Agreed on these points.

> 2) If I am correct, 'ALTER TABLE ... CLUSTER ON ..., SET TABLESPACE ...'
> does exactly what I wanted to add to CLUSTER in my patch. So probably no
> work is necessary here.

Well, ALTER TABLE CLUSTER ON does not really cluster the table; it only
indicates which index to cluster on, for the next time you run
standalone CLUSTER.  I think it would be valuable to have those ALTER
TABLE variants that rewrite the table do so using the cluster order, if
there is one, instead of the heap order, which is what it does today.

> 3) VACUUM FULL. It seems, that we can add special case 'ALTER TABLE ...
> VACUUM FULL, SET TABLESPACE ...', which will follow relatively the same path
> as with CLUSTER ON, but without any specific index. Relation should be
> rewritten in the new tablespace during phase 3.

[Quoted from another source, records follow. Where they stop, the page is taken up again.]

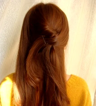 步骤六:把开始分好的右侧头发,抓到左边来,在扭转的发束处,遮住刚刚固定的夹子。
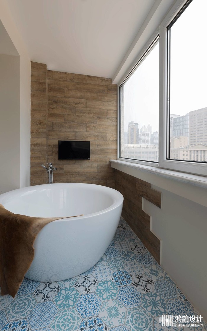 阳台设置独立浴缸,色彩斑斓的地砖个性十足,晒着太阳泡着澡,生活本该如此惬意。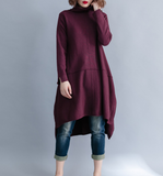 Red Knit Fall Irregular Hem Dresses Casual Women Dresses SSM97215

Well, VACUUM FULL is just a table rewrite using the CLUSTER code that
doesn't cluster on any index: it just uses the heap order.  So in
essence it's the same as a table-rewriting ALTER TABLE.  In other words,
if you get the index-ordered table rewriting in ALTER TABLE, I don't
think this part adds anything useful; and it seems very confusing.

--
Álvaro Herrera                https://www.2ndQuadrant.com/
PostgreSQL Development, 24x7 Support, Remote DBA, Training & Services

Reply | Threaded
Open this post in threaded view
|

Re: Allow CLUSTER, VACUUM FULL and REINDEX to change tablespace on the fly

Masahiko Sawada
On Thu, Dec 27, 2018 at 10:24 PM Alvaro Herrera
<[hidden email]> wrote:

>
> On 2018-Dec-27, Alexey Kondratov wrote:
>
> > To summarize:
> >
> > 1) Alvaro and Michael agreed, that REINDEX with tablespace move may be
> > useful. This is done in the patch attached to my initial email. Adding
> > REINDEX to ALTER TABLE as new action seems quite questionable for me and not
> > completely semantically correct. ALTER already looks bulky.
>
> Agreed on these points.

As an alternative idea, I think we can have a new ALTER INDEX variants
that rebuilds the index while moving tablespace, something like ALTER
INDEX ... REBUILD SET TABLESPACE ....

Regards,

--
Masahiko Sawada
NIPPON TELEGRAPH AND TELEPHONE CORPORATION
NTT Open Source Software Center

Reply | Threaded
Open this post in threaded view
|

Re: Allow CLUSTER, VACUUM FULL and REINDEX to change tablespace on the fly

Alexander Korotkov
On Fri, Dec 28, 2018 at 11:32 AM Masahiko Sawada <[hidden email]> wrote:

> On Thu, Dec 27, 2018 at 10:24 PM Alvaro Herrera
> <[hidden email]> wrote:
> >
> > On 2018-Dec-27, Alexey Kondratov wrote:
> >
> > > To summarize:
> > >
> > > 1) Alvaro and Michael agreed, that REINDEX with tablespace move may be
> > > useful. This is done in the patch attached to my initial email. Adding
> > > REINDEX to ALTER TABLE as new action seems quite questionable for me and not
> > > completely semantically correct. ALTER already looks bulky.
> >
> > Agreed on these points.
>
> As an alternative idea, I think we can have a new ALTER INDEX variants
> that rebuilds the index while moving tablespace, something like ALTER
> INDEX ... REBUILD SET TABLESPACE ....

+1

It seems the easiest way to have feature-full commands. If we put
functionality of CLUSTER and VACUUM FULL to ALTER TABLE, and put
functionality of REINDEX to ALTER INDEX, then CLUSTER, VACUUM FULL and
REINDEX would be just syntax sugar.

------
Alexander Korotkov
Postgres Professional: http://www.postgrespro.com
The Russian Postgres Company


Reply | Threaded
Open this post in threaded view
|

Re: Allow CLUSTER, VACUUM FULL and REINDEX to change tablespace on the fly

a.kondratov
Hi hackers,

On 2018-12-27 04:57, Michael Paquier wrote:
> On Wed, Dec 26, 2018 at 03:19:06PM -0300, Alvaro Herrera wrote:
>> As for REINDEX, I think it's valuable to move tablespace together with
>> the reindexing.  You can already do it with the CREATE INDEX
>> CONCURRENTLY recipe we recommend, of course; but REINDEX CONCURRENTLY
>> is
>> not going to provide that, and it seems worth doing.
>
> Even for plain REINDEX that seems useful.
>

I've rebased the patch and put it on the closest commitfest. It is
updated to allow user to do REINDEX CONCURRENTLY + SET TABLESPACE
altogether, since plain REINDEX CONCURRENTLY became available this year.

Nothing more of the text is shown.